How to complete this task:
Make an exact copy, from the records below, of the lines from the line containing "Kristal满足当代年轻化" to the line containing "2020年,我国的出口增速在", both lines included, excluding pictures.

Data:

========

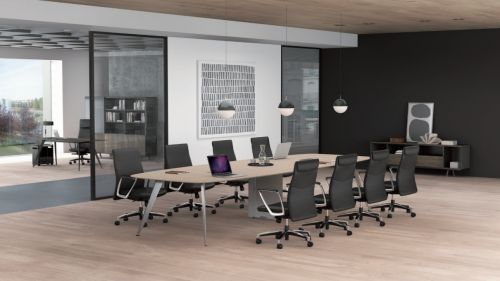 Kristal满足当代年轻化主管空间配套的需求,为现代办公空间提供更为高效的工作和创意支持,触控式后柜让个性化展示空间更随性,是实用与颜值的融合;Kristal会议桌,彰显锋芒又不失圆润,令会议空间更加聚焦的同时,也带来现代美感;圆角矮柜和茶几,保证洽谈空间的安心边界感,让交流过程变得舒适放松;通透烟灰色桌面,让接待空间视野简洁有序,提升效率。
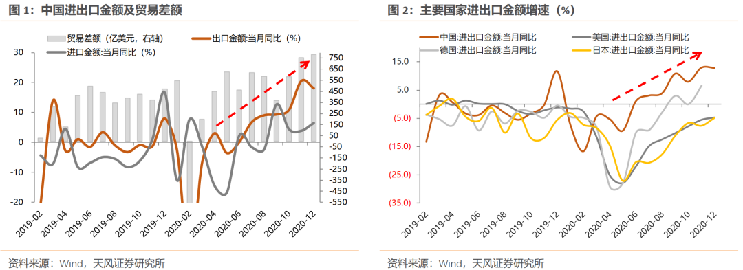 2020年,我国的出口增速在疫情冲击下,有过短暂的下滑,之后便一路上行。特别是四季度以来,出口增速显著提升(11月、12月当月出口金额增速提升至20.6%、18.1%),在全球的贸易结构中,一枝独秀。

========

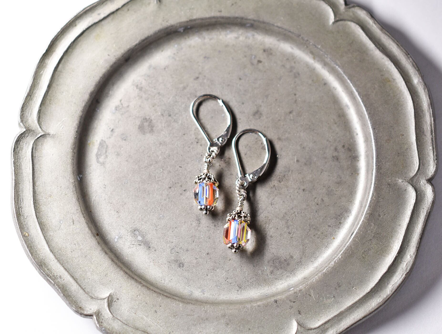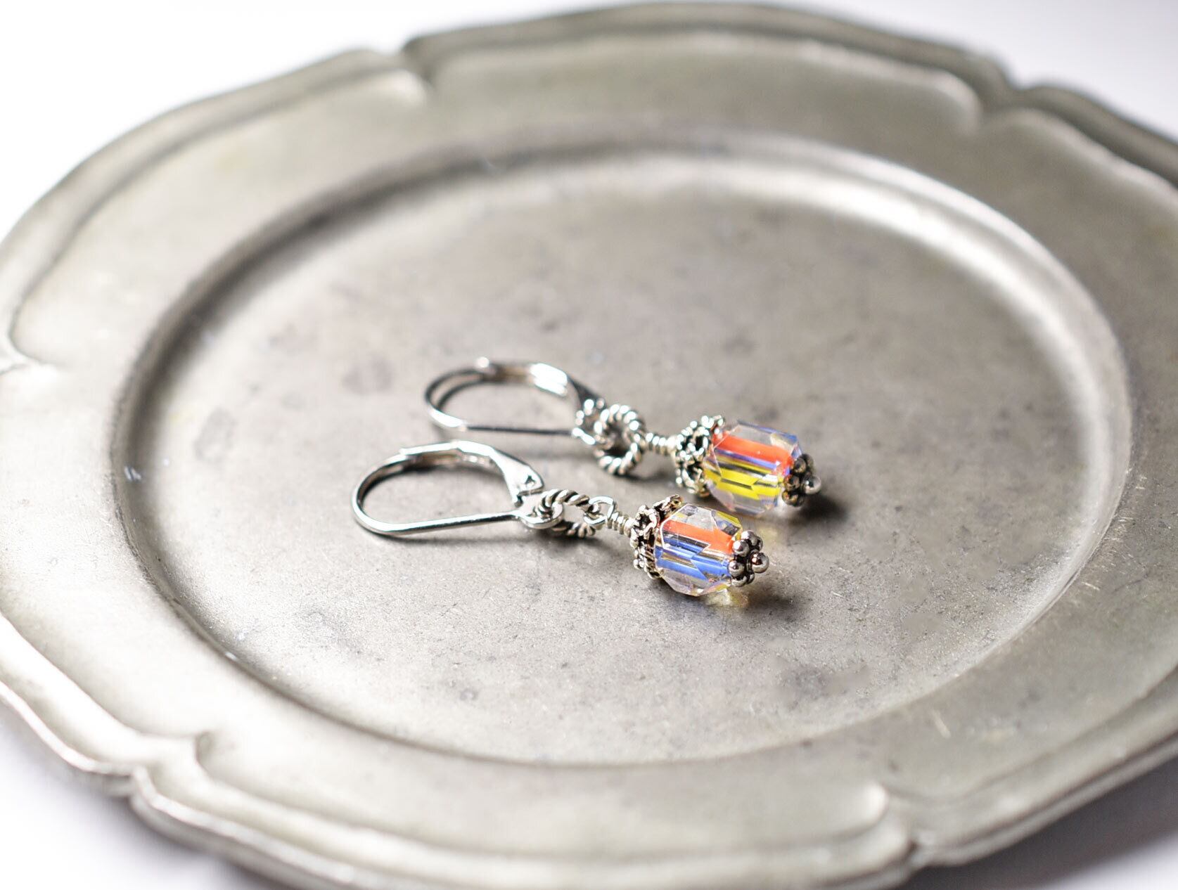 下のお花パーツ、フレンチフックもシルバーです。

========

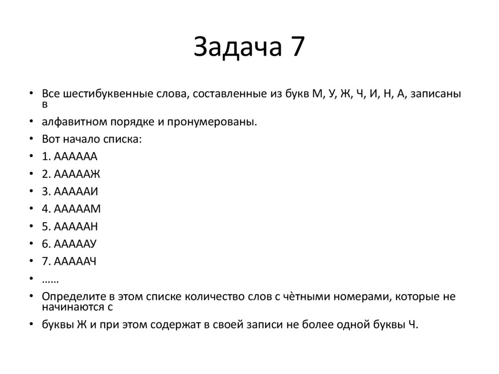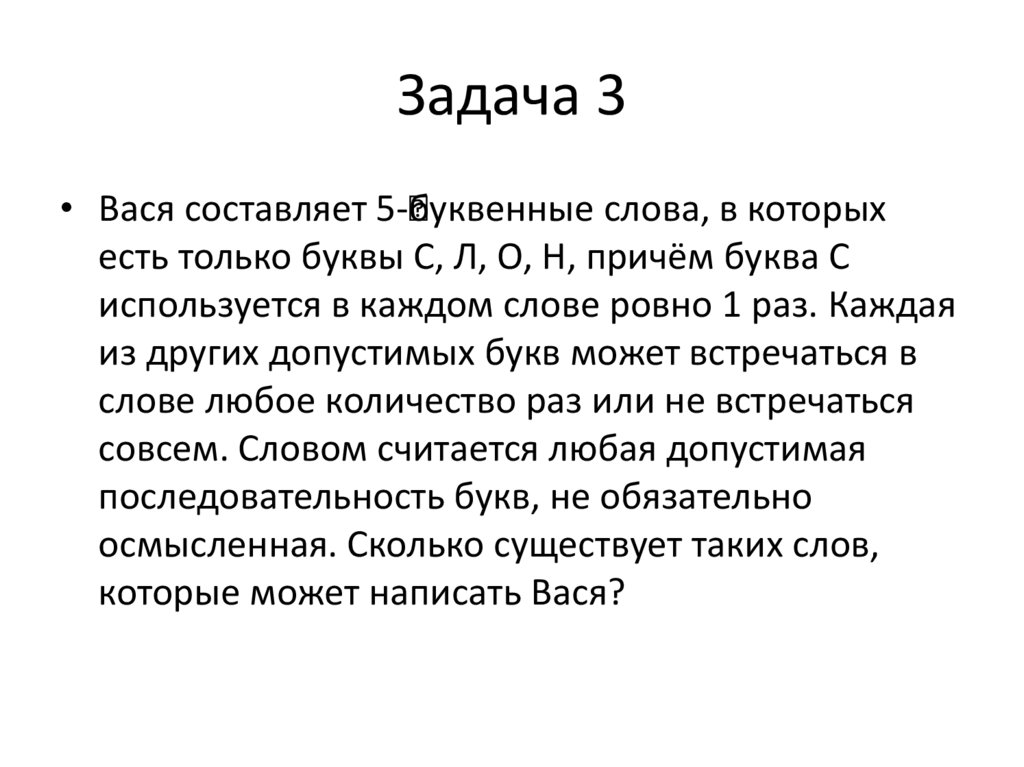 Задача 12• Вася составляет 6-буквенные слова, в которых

========

Result of the exercise:
 Kristal满足当代年轻化主管空间配套的需求,为现代办公空间提供更为高效的工作和创意支持,触控式后柜让个性化展示空间更随性,是实用与颜值的融合;Kristal会议桌,彰显锋芒又不失圆润,令会议空间更加聚焦的同时,也带来现代美感;圆角矮柜和茶几,保证洽谈空间的安心边界感,让交流过程变得舒适放松;通透烟灰色桌面,让接待空间视野简洁有序,提升效率。
 2020年,我国的出口增速在疫情冲击下,有过短暂的下滑,之后便一路上行。特别是四季度以来,出口增速显著提升(11月、12月当月出口金额增速提升至20.6%、18.1%),在全球的贸易结构中,一枝独秀。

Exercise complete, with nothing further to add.